= Kenneth William Faulkner =

American politician

Kenneth William Faulkner (born 1948) is a former Republican Party politician who served for 10 weeks in the New Jersey General Assembly. After a collegiate career with the Campbell Fighting Camels basketball team, he was inducted into the Campbell University Hall of Fame. He is also a retired teacher, school administrator and high school basketball coach.

Faulkner grew up in Delanco Township, New Jersey and graduated from Riverside High School as part of the class of 1966. After playing at Campbell College (now Campbell University), he became a high school basketball coach. During his 24-year coaching career at Burlington Township High School, Faulkner led the team to a 521–129 record and three NJSIAA Group I state championships.
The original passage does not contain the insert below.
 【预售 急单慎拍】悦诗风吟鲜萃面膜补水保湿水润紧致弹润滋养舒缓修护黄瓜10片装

He stepped down from his position as coach in 1996 to take a post as principal of Thomas O. Hopkins Middle School, stating that he couldn't be both a basketball coach and an effective school administrator.

==Elected office==
Faulkner, a resident of Delanco Township, was chosen to replace Carmine DeSopo on the Republican ticket for the 7th Legislative District, together with George Williams running for the other Assembly seat and Diane Allen for Senate.
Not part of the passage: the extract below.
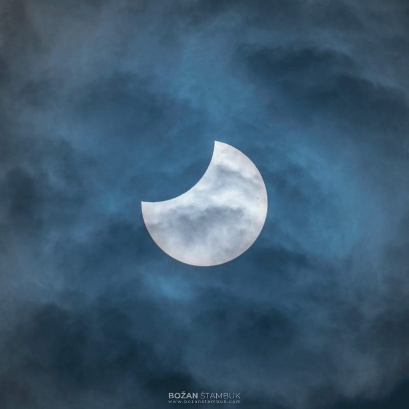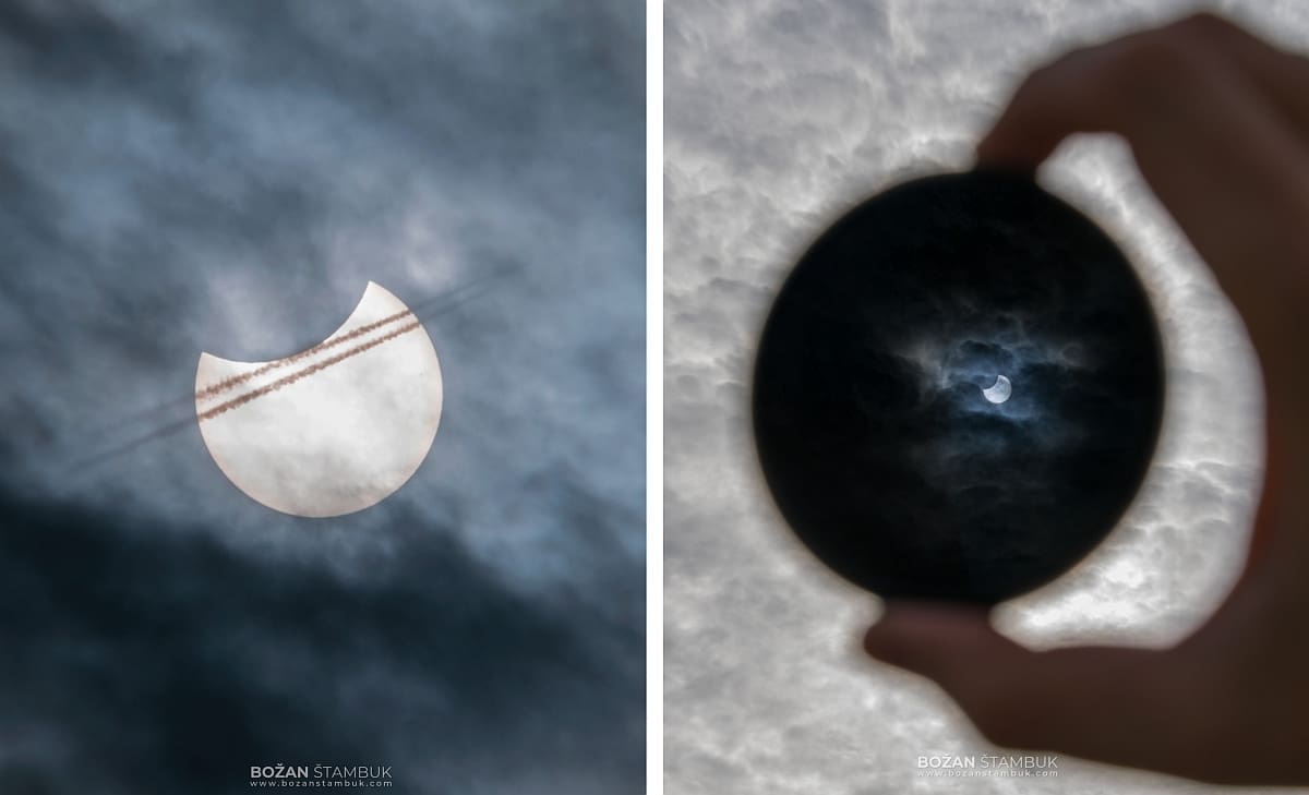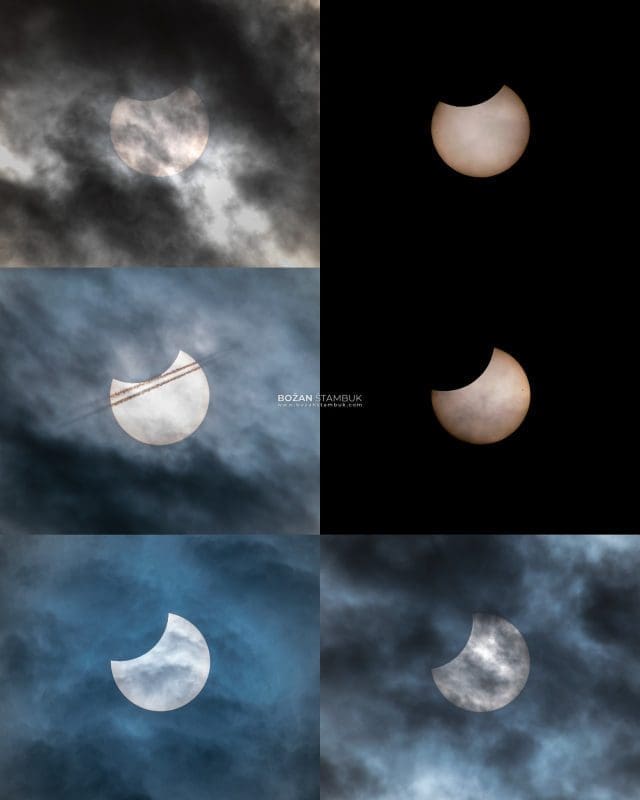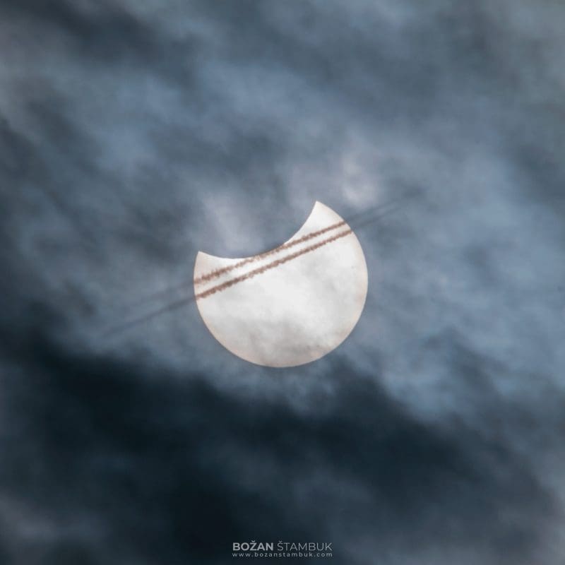 "Djelomična pomrčina Sunca 25.10.2022. snimljena s Brača. Po fazama, koliko su oblaci dozvolili. U niti jednom trenu nije bilo potpuno vedro, tako da nažalost nemam 'čisti' snimak, ali šta je tu je, pjege se vide. Daju i oblaci malo šuga, a ovaj avion je bi ko naručen.

In the November 1997 general elections, Allen won the Senate seat, while Democrats Herb Conaway and Jack Conners were declared the winners in that year's Assembly race, after a recount which showed that Conaway was the top vote-getter and Conners winning the second seat by a margin of 74 votes. In September 1998, the New Jersey Superior Court threw out the results of the 1997 election due to problems with 160 uncounted ballots from a voting machine that affected the results for the second seat; Democrat Conners was ordered to leave office and Republican Faulkner was seated in his place.

The Republican committees of Burlington County and Camden County chose Faulkner to fill the vacated Assembly seat and the ballot position for the forthcoming special election; After being sworn into office on September 18, Faulkner used his first day in office to co-sponsor a bill raising awareness regarding arthritis, in addition to working to address issues related to education, healthcare and property taxes.

In a November 1998 special election held based on the court order throwing out the 1997 election results, Conners defeated Faulkner by 5,500 votes and was sworn into office on November 23 for the second time that year.